Season: Team; Games; Receiving; Rushing; Passing
GP: GS; Rec; Yds; Avg; Lng; TD; Att; Yds; Avg; Lng; TD; Cmp; Att; Yds; Lng; Rtg
2012: Texas; 10; 0; 2; 35; 17.0; 23; 0; 1; 12; 12.0; 12; 0; 0; 0; 0; 0; 0.0
2014: Arizona; 14; 13; 73; 1,019; 14.0; 85; 9; 0; 0; 0.0; 0; 0; 0; 0; 0; 0; 0.0
2015: Arizona; 13; 13; 56; 907; 16.2; 78; 5; 0; 0; 0.0; 0; 0; 1; 1; 25; 25; 310.0
Career: 37; 26; 131; 1,961; 14.9; 85; 14; 1; 12; 12.0; 12; 0; 1; 1; 25; 25; 310.0

==Professional career==

Pre-draft measurables
| Height | Weight | Arm length | Hand span | 40-yard dash | 10-yard split | 20-yard split | 20-yard shuttle | Three-cone drill | Vertical jump | Broad jump | Bench press |
| 6 ft 2+5⁄8 in (1.90 m) | 209 lb (95 kg) | 32+3⁄4 in (0.83 m) | 9+1⁄4 in (0.23 m) | 4.65 s | 1.65 s | 2.74 s | 4.14 s | 6.99 s | 33.5 in (0.85 m) | 9 ft 4 in (2.84 m) | 9 reps |
All values from NFL Combine except broad jump from pro day

===Philadelphia Eagles===
Jones signed with the Philadelphia Eagles as an undrafted free agent on May 5, 2016. He was waived by the Eagles on September 3, 2016, as part of final roster cuts.

===Minnesota Vikings===
On December 27, 2016, the Minnesota Vikings signed Jones to their practice squad. He signed a reserve/futures contract with the Vikings on January 2, 2017.

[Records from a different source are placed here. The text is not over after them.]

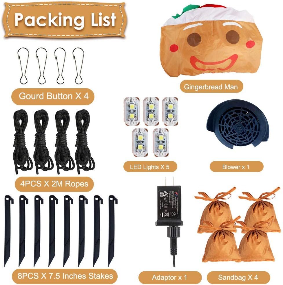 Make your yard the highlight of the holiday season with this 8-foot tall upgraded Gingerbread inflatable decoration. Designed for stability and ease, it includes 8 stakes, 4 fastened ropes, and 4 built-in sandbags to keep it securely anchored—no worries about wind damage. Equipped with a powerful built-in self-inflating blower, the gingerbread man inflates fully within a minute for quick, hassle-free setup. Crafted from durable, weather-resistant Oxford cloth, this inflatable withstands various weather conditions and retains its vibrant colors year after year, making it perfect for outdoor Christmas display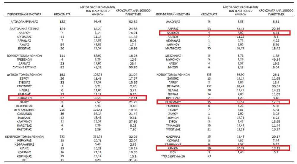 Πιο συγκεκριμένα, στην περιφερειακή ενότητα Ηρακλείου εντοπίστηκαν 37 κρούσματα κορωνοϊού, στα Χανιά 19, στο Ρέθυμνο 15 και στο Λασίθι 4.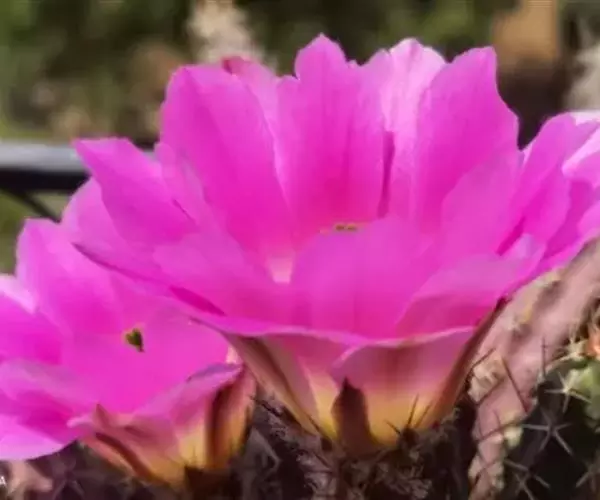 美花角植株大型,球状或筒状。具锐棱。刺硬而直,常扁平。刺色明快。刺座附毡毛,尤其在球顶部常有大块毡毛。钟状花顶生,黄或粉红。果实被稠毛。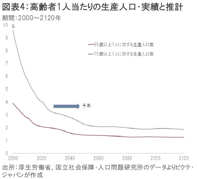 いずれにせよ、日本人のベースだと、足下、65歳以上の高齢者1人に対し生産人口は2.01人だが、2054年には1.41人になる見込みだ(図表4)。岸田政権は少子化対策に注力するものの、主要先進国の多くで出生率は構造的に低下しつつある。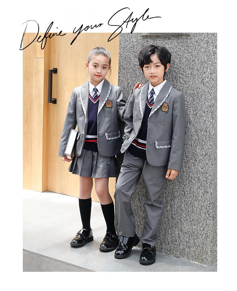 Ropa de Jardín de Infantes Estilo Inglés Ropa para Estudiantes de Primaria y Secundaria Primavera y Otoño Nuevo Traje de Uniforme Escolar Traje de Vestir para Niños Vestido de Clase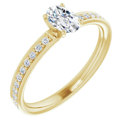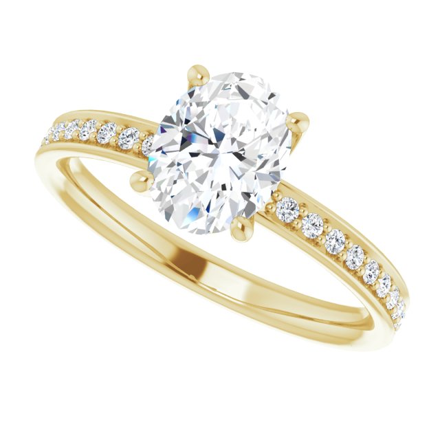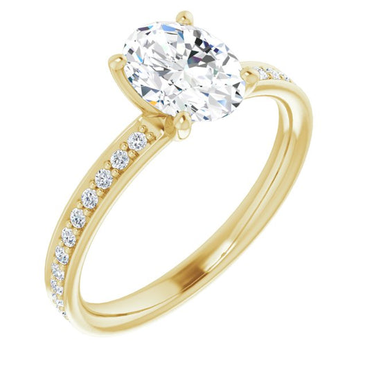14K Yellow Gold Customizable Classic Prong-set Oval Cut Design with Shared Prong Band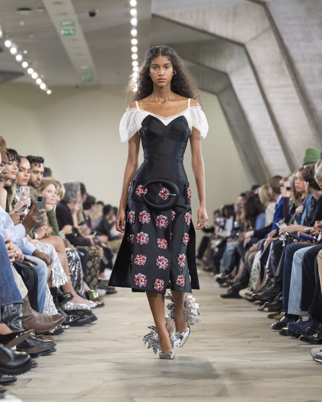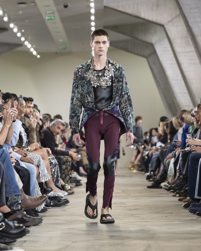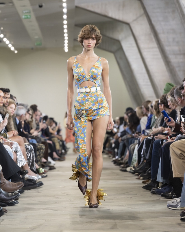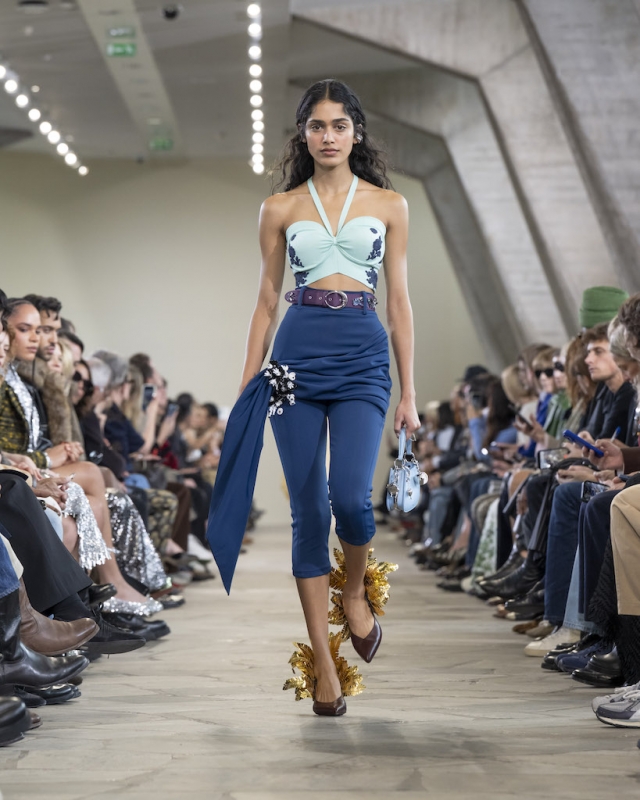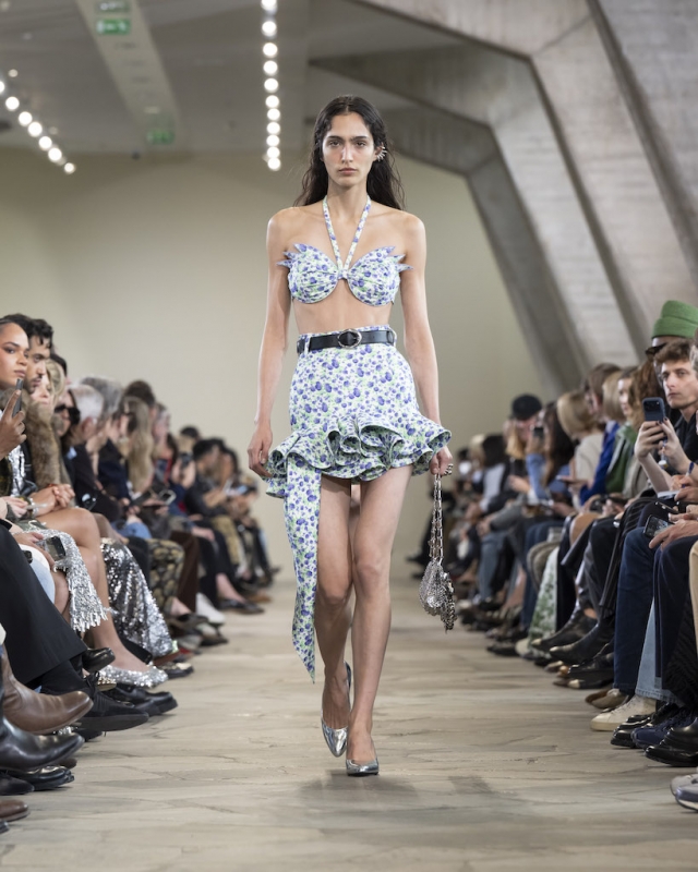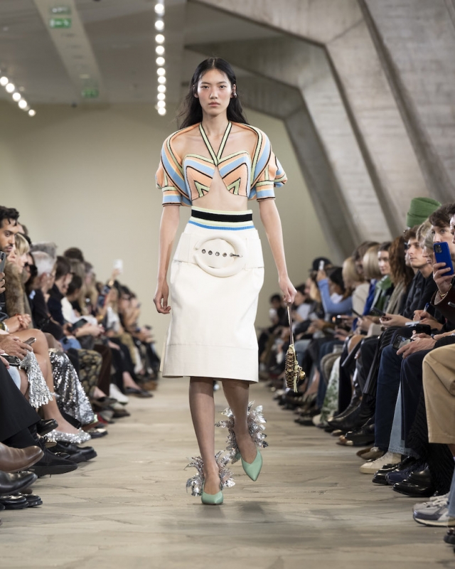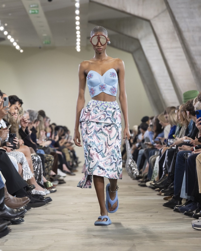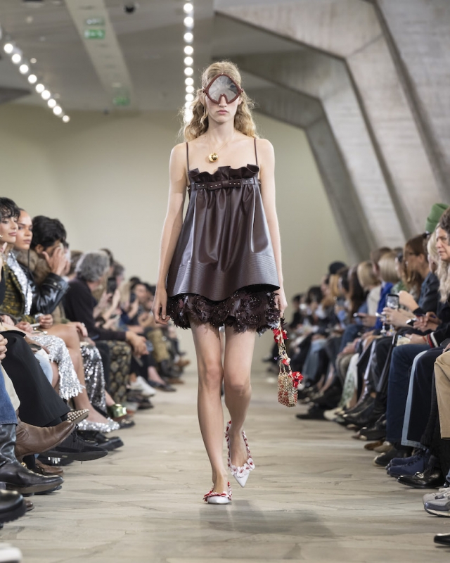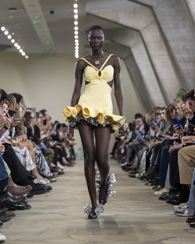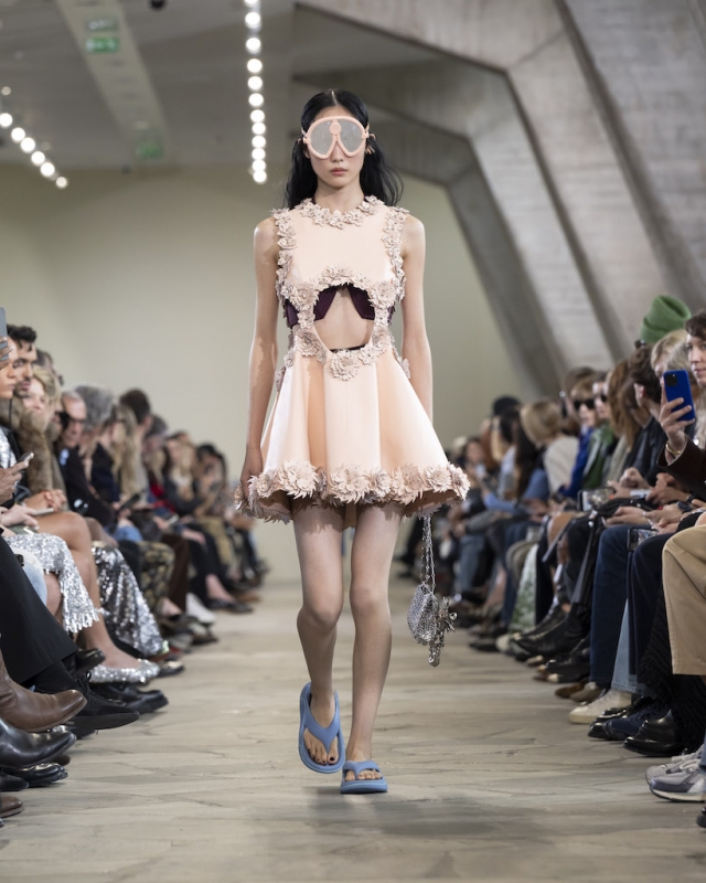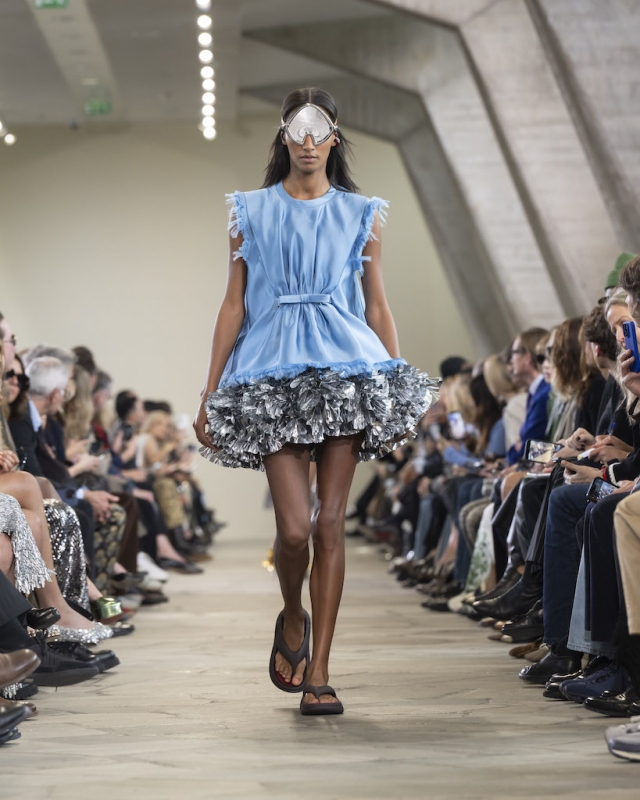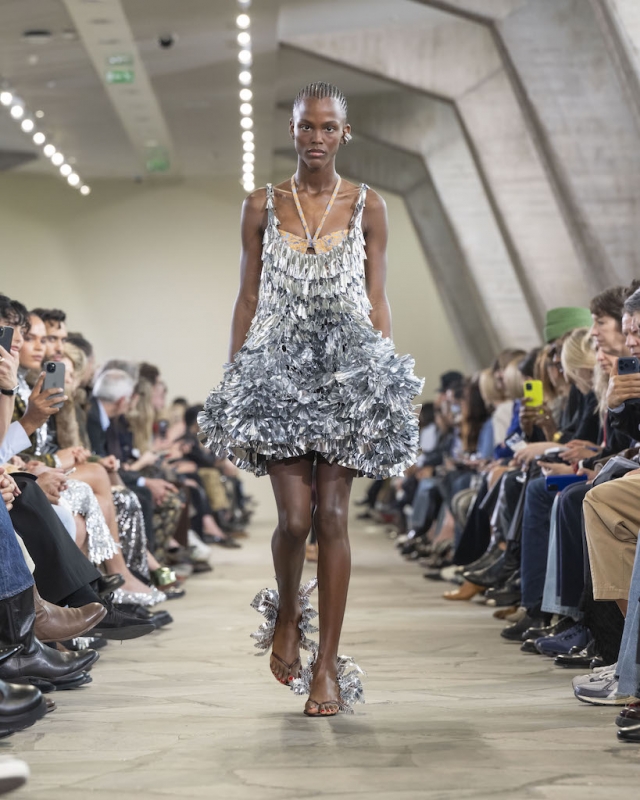Accessories amplified the drama. A car-crash skirt made of articulated metal plates echoed with each step, turning movement into sculpture. Metallic pumps curled like unfurling leaves around the ankle. Flip-flops were redesigned with exaggerated soles. Surf booties became daywear. Jewellery looked edible—silver leis, glossy fruit charms, even ice cubes hanging from chains. Gradient patent bags gleamed like fresh automotive paint, giving the collection its sleek, mechanical shine.

On September 2, 2017, Jones was waived by the Vikings and was signed to the practice squad the next day. He signed a reserve/future contract with the Vikings on January 23, 2018.

On April 30, 2018, Jones was suspended the first four games of the 2018 season for violating the league's policy on performance-enhancing substances. He was waived on August 31, 2018.

Jones was suspended the first six weeks of the 2019 season on August 30, 2019, for violating the league's policy on domestic violence stemming from an August 2018 arrest. He was reinstated from suspension on October 15, 2019.